El clavo de olor es una de las especias con mayor tradición de uso medicinal en distintas culturas, y también una de las mejor estudiadas desde el punto de vista fitoquímico. Su compuesto principal, el eugenol, tiene propiedades antioxidantes, antiinflamatorias, analgésicas y antimicrobianas que explican sus aplicaciones en la salud digestiva y bucal. Sin embargo, entre la práctica tradicional y la evidencia científica hay matices importantes que conviene conocer para usarlo de forma segura y con expectativas realistas.
El eugenol: el compuesto que explica los efectos del clavo
El eugenol representa entre el 70% y el 90% del aceite esencial del clavo de olor. Es un fenilpropanoide que actúa bloqueando los canales de sodio en las membranas nerviosas, lo que explica su efecto analgésico local, inhibiendo las enzimas COX-1 y COX-2, el mismo mecanismo que los antiinflamatorios como el ibuprofeno aunque con menor potencia, y teniendo propiedades antibacterianas que actúan sobre una amplia variedad de bacterias patógenas de la cavidad oral y el tracto digestivo.
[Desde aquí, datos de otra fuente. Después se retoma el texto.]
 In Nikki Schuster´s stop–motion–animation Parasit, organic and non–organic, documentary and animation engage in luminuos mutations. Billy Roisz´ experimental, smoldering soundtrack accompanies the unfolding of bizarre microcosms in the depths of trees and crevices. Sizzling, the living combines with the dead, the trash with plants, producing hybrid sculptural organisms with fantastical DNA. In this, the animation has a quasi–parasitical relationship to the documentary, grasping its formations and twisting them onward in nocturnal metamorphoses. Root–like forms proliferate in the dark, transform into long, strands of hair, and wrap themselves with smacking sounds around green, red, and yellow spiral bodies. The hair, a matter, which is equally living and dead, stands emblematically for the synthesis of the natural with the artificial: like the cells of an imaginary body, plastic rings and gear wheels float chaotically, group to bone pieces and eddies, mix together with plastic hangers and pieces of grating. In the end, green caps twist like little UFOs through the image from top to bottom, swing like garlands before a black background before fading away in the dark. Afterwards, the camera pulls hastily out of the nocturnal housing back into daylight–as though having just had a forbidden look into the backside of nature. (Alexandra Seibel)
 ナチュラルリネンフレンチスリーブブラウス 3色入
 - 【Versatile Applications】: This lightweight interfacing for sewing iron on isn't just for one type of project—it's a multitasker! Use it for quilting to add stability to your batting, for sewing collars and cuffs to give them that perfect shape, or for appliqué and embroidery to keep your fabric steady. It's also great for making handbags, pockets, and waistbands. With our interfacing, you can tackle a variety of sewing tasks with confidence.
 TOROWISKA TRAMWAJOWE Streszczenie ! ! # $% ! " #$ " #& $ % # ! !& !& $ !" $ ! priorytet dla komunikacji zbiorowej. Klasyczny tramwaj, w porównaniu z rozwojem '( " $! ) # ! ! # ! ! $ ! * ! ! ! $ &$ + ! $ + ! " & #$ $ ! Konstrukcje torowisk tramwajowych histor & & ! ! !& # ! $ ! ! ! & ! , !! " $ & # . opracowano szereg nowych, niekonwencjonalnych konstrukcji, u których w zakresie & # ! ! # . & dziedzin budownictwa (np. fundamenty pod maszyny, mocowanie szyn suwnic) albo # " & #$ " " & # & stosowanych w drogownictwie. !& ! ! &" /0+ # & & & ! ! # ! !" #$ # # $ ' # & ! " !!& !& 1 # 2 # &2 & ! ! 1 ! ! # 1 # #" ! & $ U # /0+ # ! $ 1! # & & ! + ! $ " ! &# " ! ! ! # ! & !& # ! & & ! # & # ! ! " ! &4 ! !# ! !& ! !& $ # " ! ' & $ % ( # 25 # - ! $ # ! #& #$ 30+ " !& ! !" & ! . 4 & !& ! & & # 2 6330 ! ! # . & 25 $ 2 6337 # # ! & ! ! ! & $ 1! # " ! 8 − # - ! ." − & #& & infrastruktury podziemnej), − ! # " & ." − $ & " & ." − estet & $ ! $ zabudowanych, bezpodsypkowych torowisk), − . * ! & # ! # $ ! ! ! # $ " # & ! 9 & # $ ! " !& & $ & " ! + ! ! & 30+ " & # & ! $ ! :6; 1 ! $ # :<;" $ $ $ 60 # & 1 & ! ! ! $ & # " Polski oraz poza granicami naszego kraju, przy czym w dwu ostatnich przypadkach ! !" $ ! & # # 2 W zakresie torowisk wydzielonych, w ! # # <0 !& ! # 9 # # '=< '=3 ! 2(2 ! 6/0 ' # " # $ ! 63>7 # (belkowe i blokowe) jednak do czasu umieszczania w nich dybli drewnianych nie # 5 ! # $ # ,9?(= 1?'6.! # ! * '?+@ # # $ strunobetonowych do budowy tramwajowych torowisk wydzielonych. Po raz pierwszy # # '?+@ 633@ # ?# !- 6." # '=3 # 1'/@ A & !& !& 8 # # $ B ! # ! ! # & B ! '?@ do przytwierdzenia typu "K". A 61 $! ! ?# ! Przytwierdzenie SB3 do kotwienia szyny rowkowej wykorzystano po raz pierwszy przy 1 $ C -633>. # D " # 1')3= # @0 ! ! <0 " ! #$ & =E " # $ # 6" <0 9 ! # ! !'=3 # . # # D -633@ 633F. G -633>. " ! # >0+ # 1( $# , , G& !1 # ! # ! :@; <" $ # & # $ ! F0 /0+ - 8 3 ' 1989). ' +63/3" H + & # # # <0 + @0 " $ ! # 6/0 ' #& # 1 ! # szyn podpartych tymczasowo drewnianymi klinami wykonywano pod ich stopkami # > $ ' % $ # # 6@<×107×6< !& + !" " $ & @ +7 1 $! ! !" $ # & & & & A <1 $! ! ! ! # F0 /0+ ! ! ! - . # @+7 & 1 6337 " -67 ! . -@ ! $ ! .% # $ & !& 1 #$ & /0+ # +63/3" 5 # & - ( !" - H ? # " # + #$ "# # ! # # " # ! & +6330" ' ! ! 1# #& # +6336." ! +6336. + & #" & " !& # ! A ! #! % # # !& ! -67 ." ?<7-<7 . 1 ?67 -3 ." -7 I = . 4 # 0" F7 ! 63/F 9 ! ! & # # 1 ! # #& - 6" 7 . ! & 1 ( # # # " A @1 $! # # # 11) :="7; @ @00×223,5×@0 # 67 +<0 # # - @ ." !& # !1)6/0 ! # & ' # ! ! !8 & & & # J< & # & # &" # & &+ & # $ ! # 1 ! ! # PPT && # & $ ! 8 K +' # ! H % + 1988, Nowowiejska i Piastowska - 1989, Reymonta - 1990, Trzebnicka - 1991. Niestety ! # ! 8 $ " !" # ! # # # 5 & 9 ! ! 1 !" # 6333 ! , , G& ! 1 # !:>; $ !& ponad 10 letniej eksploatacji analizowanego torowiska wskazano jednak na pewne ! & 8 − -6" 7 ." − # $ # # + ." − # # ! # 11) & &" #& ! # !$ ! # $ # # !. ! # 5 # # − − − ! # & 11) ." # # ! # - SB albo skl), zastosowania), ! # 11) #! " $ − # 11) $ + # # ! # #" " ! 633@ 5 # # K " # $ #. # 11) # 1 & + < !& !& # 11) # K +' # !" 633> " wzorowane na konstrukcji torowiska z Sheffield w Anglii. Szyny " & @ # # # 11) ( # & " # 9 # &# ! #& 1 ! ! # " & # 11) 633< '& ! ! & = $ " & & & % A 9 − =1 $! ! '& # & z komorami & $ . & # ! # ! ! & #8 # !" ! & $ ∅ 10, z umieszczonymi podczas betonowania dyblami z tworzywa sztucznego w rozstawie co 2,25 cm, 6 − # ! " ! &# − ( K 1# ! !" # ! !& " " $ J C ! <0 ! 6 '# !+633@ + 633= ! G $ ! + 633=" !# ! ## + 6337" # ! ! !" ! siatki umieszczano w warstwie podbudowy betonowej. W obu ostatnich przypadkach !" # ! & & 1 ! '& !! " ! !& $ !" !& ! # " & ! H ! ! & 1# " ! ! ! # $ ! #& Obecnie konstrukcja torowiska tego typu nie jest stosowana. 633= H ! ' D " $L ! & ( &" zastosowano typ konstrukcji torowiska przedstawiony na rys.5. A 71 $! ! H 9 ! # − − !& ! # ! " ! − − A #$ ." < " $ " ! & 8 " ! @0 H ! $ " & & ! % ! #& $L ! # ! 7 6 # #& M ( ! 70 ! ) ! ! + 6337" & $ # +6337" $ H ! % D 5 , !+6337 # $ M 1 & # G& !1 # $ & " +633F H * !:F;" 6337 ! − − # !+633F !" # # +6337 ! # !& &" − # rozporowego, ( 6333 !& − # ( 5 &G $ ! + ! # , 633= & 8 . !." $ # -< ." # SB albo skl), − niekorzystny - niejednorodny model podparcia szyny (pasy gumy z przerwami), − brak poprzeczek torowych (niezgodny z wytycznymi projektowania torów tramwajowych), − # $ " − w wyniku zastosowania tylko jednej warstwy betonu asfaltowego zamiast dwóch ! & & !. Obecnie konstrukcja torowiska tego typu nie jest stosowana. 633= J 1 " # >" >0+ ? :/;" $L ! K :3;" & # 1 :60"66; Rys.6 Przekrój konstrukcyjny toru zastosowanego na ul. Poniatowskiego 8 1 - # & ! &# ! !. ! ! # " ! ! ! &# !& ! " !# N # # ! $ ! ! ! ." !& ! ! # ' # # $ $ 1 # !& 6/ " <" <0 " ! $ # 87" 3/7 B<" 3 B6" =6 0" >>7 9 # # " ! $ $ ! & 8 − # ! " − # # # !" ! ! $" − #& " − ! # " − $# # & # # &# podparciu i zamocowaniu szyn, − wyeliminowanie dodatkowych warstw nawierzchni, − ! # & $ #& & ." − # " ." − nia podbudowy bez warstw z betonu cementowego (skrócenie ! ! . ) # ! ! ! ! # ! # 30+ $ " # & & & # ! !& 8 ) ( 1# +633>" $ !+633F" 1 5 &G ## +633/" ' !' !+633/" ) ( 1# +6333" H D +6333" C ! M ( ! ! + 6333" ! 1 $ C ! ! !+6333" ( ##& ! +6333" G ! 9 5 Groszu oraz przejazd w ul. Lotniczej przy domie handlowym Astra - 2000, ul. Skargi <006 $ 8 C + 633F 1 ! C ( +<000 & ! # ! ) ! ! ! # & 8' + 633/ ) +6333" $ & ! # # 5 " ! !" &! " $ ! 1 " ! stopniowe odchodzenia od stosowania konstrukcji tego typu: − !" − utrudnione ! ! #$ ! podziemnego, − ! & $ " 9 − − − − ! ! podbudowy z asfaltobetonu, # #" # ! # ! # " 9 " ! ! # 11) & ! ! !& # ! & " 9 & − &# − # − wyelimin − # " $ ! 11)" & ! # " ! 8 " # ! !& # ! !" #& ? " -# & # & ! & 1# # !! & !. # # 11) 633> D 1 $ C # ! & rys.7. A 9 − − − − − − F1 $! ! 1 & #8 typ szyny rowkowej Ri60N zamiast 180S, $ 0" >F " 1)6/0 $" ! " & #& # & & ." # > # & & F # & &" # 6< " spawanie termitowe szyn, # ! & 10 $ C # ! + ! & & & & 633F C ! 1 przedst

Una revisión publicada en la revista Nutrients en 2023 confirmó que el eugenol tiene efecto antiinflamatorio, antioxidante y modulador del sistema nervioso autónomo documentado en modelos clínicos, con biodisponibilidad significativa tras el consumo oral en cantidades habituales de la especia. Sin embargo, los autores destacan que la mayoría de los estudios se han realizado con extractos concentrados, no con la especia entera, lo que limita la extrapolación directa al uso culinario habitual.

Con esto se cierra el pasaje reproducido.